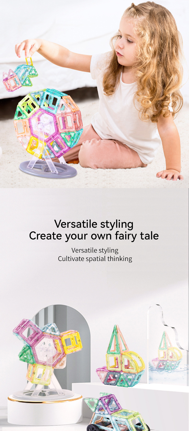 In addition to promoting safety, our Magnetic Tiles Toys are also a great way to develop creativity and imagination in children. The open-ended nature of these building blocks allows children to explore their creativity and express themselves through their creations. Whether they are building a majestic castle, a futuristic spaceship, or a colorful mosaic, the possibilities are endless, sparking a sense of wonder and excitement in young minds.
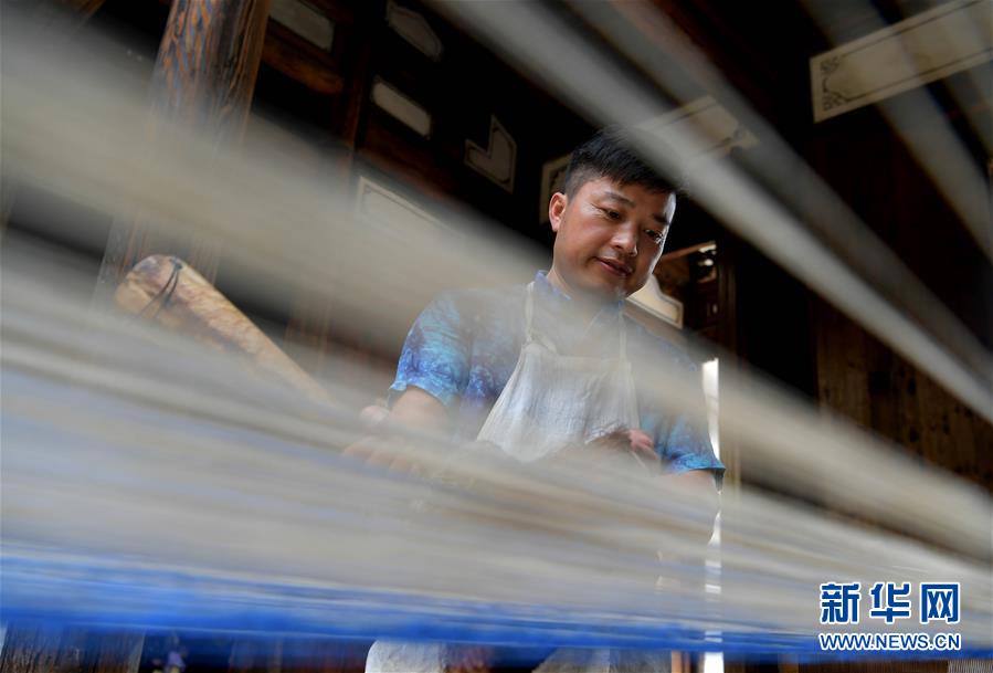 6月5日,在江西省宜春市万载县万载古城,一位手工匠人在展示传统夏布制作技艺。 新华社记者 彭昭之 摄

==

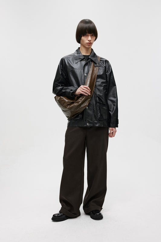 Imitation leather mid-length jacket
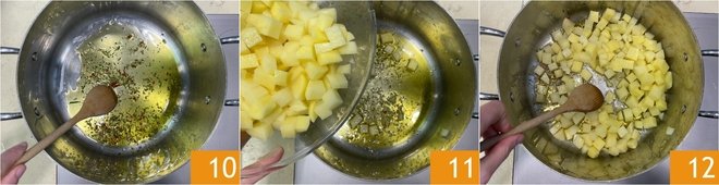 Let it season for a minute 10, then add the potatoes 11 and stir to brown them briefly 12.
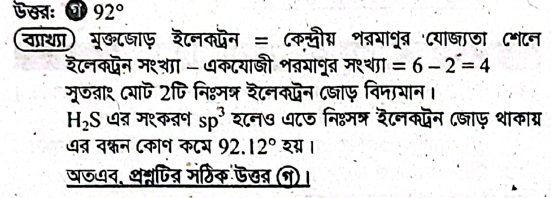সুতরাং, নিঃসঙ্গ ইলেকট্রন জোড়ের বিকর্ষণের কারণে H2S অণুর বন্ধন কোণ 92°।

• Description of the task:
Copy exactly, without pictures, the lines above from the one with "In addition to" down to the one with "6月5日,在江西省宜春市万载县万载古城,一位手工匠人在展示传统夏布制作技艺。 新华社记者 彭昭之", inclusive.

• The answer:
 In addition to promoting safety, our Magnetic Tiles Toys are also a great way to develop creativity and imagination in children. The open-ended nature of these building blocks allows children to explore their creativity and express themselves through their creations. Whether they are building a majestic castle, a futuristic spaceship, or a colorful mosaic, the possibilities are endless, sparking a sense of wonder and excitement in young minds.
 6月5日,在江西省宜春市万载县万载古城,一位手工匠人在展示传统夏布制作技艺。 新华社记者 彭昭之 摄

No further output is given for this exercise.